* [THE PROBLEM]
Look below for the line containing "又酷又漂亮!透過直接調整肩帶來穿著,打造出可愛輪廓和不同尋常的心情的無袖上衣!"; from there, print each line exactly up to and including the line containing "- BOOK SUBTITLES", and stop.

#### EXERCISE DATA

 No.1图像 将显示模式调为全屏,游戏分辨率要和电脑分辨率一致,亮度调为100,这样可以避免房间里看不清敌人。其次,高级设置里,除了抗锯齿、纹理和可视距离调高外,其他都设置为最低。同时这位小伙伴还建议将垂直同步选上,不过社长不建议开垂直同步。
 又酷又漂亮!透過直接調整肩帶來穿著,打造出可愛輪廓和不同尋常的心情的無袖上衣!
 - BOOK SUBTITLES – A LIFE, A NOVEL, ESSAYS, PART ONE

########
#### EXERCISE DATA

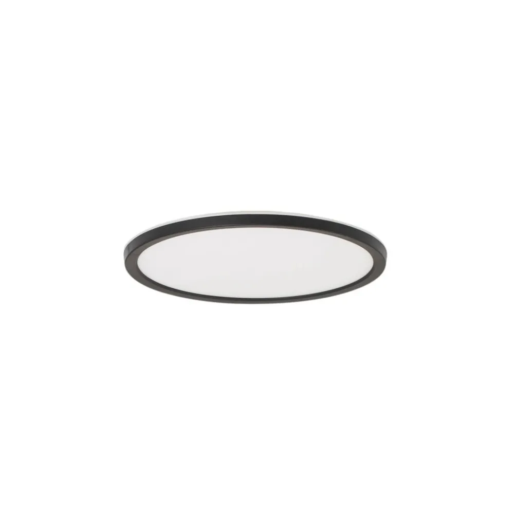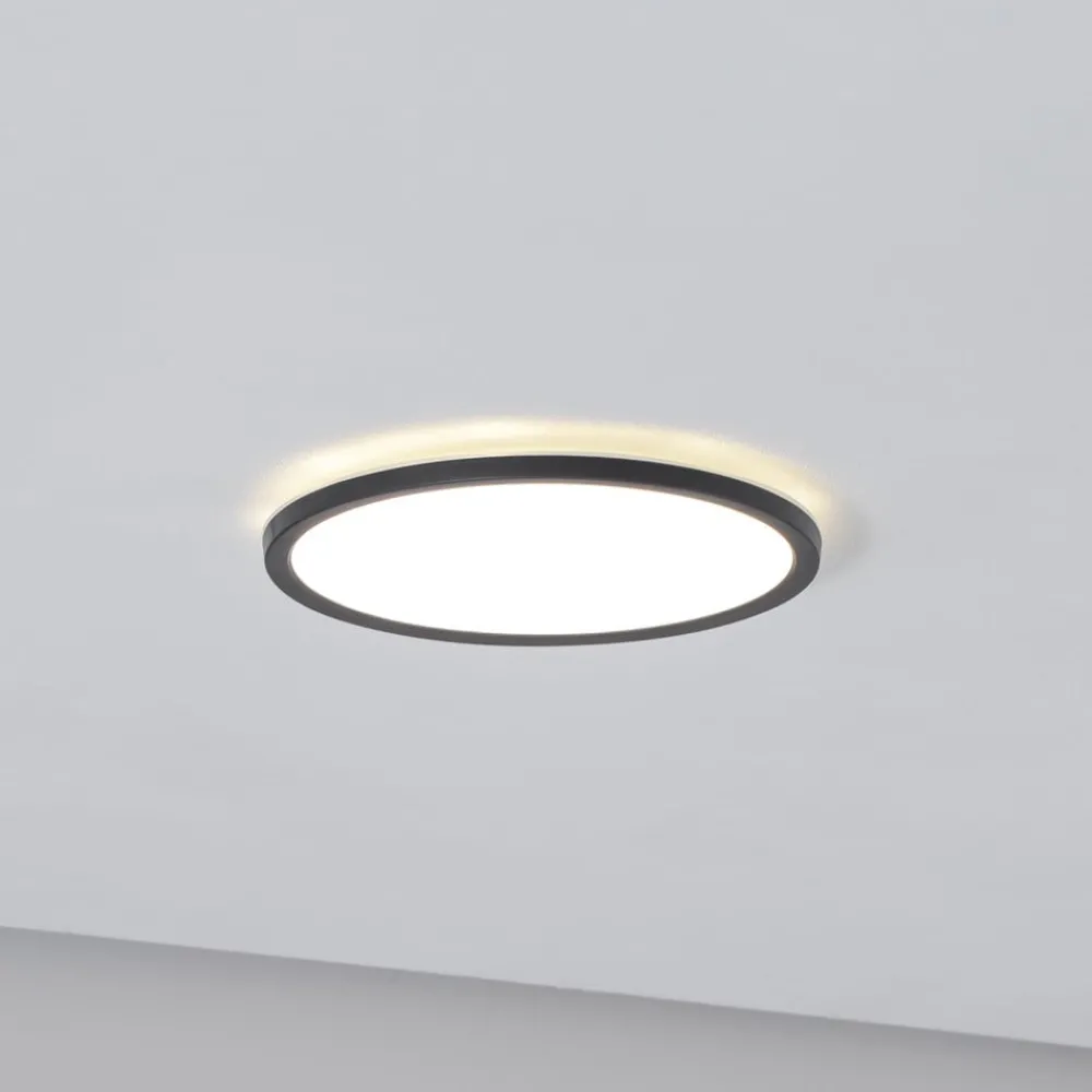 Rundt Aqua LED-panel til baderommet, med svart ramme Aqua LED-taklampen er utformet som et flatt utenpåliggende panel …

########
#### EXERCISE DATA

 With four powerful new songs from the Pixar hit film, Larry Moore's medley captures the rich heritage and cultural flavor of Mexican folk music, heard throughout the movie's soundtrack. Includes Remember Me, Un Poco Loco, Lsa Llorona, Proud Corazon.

########

* [TASK SOLUTION]
 又酷又漂亮!透過直接調整肩帶來穿著,打造出可愛輪廓和不同尋常的心情的無袖上衣!
 - BOOK SUBTITLES – A LIFE, A NOVEL, ESSAYS, PART ONE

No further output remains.